C-Corporation Bankruptcy: Everything You Need to Know
C-corporation bankruptcy occurs when this type of business entity is no longer able to pay its debts.3 min read
2. Life Cycle of a C-Corporation
3. Corporate Chapter 11 Bankruptcy
4. Corporate Chapter 7 Bankruptcy
5. Bankruptcy Advantages and Disadvantages
Updated July 6, 2020:
C-corporation bankruptcy occurs when this type of business entity is no longer able to pay its debts. Forming a C-corporation provides the owners of the business with limited liability, which means they cannot be held personally responsible for business debts. C-corps' profits are taxed both when they are earned and when they are distributed to shareholders as profits. When a C-corp fails, taking the proper steps to dissolve the company can prevent further financial and legal issues.
Forming a C-Corporation
To create a corporation, you must file formation documents with the secretary of state and pay the required fees. Once formed, the business is a separate legal entity. Individuals do not own the company itself, but instead own shares of the business. These ownership interests are documented in the corporation's bylaws. The business can own assets and is responsible for its own debt.
When a C-corporation is formed, the owners can shield their personal wealth from business obligations, including bankruptcy proceedings. If the individual files for bankruptcy, the company would not be listed as an asset; however, his or her shares in the company would. The value of this interest could then be sold by the bankruptcy trustee.

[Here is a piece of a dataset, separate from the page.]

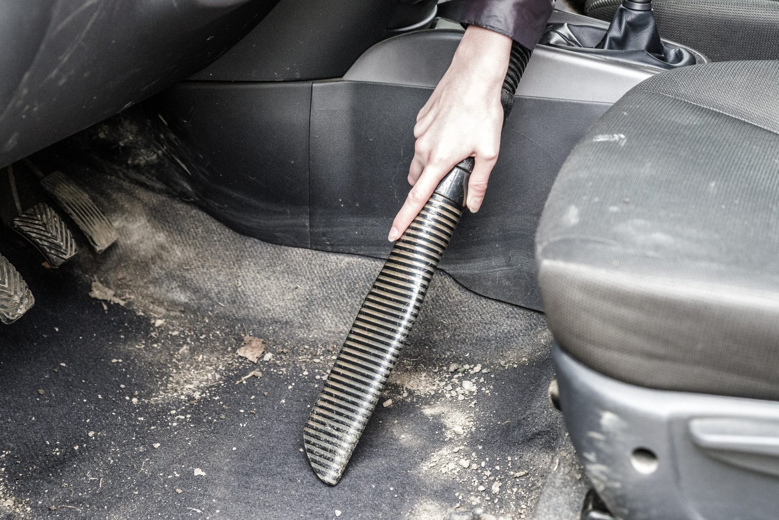 • What it is: Multiple dark stains (coffee, soda, etc.) or moderate mud tracked onto the carpets and floor mats.
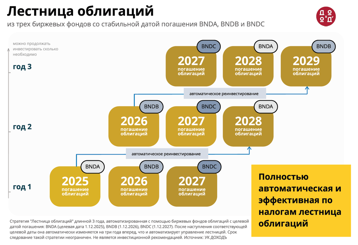 Трехлетняя лестница облигаций из биржевых фондов УК ДОХОДЪ: BNDA. BNDB и BNDC ETF. Не является инвестиционной рекомендацией. Источник: УК ДОХОДЪ

Life Cycle of a C-Corporation
The dissolution or termination of your corporation is governed by the state laws where it was formed. Corporations exist perpetually unless a limited term is established by the formation documents. Termination documents must be filed with the state to discontinue a corporation.
Corporate Chapter 11 Bankruptcy
When a C-corporation cannot make enough money to cover its expenses and debts, it can apply for Chapter 11 bankruptcy. This allows the company to restructure its obligations and then continue to operate in a more streamlined form, with new ownership or management, and/or in a different line of business.
When bankruptcy is underway, stockholders no longer receive dividends and lenders no longer receive principal and interest payments from the company. In some cases, the bankruptcy trustee will require shareholders to exchange their old shares for stock in the new company. This is often fewer shares or shares of lower value.
If a corporation is completely insolvent, the court may rule that stockholders do not get paid. The IRS will seek payment of outstanding federal taxes and may be able to seize the owners' personal assets. Although corporate executives are not often held personally responsible for bankruptcy, company cars and related assets can be seized.
Corporate Chapter 7 Bankruptcy
If you're planning to go out of business, filing for Chapter 7 bankruptcy can streamline the process. However, you can open yourself up to personal lawsuits for company debt. Filing for Chapter 7 bankruptcy closes the company. Ideally, your business can liquidate enough assets to pay debts for which shareholders and officers are personally liable.
When paying debts and distributing assets, you must follow bankruptcy laws' priority rules for an orderly liquidation. Corporations do not receive a debt discharge with Chapter 7; the debt lies with the business and the business no longer exists. However, if you made a personal guarantee for a debt or even if you didn't, a creditor can try to collect from you personally.
Bankruptcy Advantages and Disadvantages
Filing corporate bankruptcy may be advantageous if:
- A creditor is planning to seize assets that could otherwise be sold to pay for tax debts for which shareholders are personally liable.
- You are planning to close the business and need assistance to oversee the process of asset liquidation and distribution from a bankruptcy trustee.
- If creditors are planning to sue the company, since these suits often personally involve officers and shareholders even if they are not liable for the debt in question.
It may not be the best action if:
- Shareholders prefer not to file individual bankruptcy. A trustee can sue officers and stakeholders for recovery of loans or advances they received from the company.
- The company has issues that may be worsened by bankruptcy.
Keep in mind that shareholders may not be paid dividends if other debts of the company have not been paid. However, insiders, as well as third-party creditors, can be repaid for corporate debt.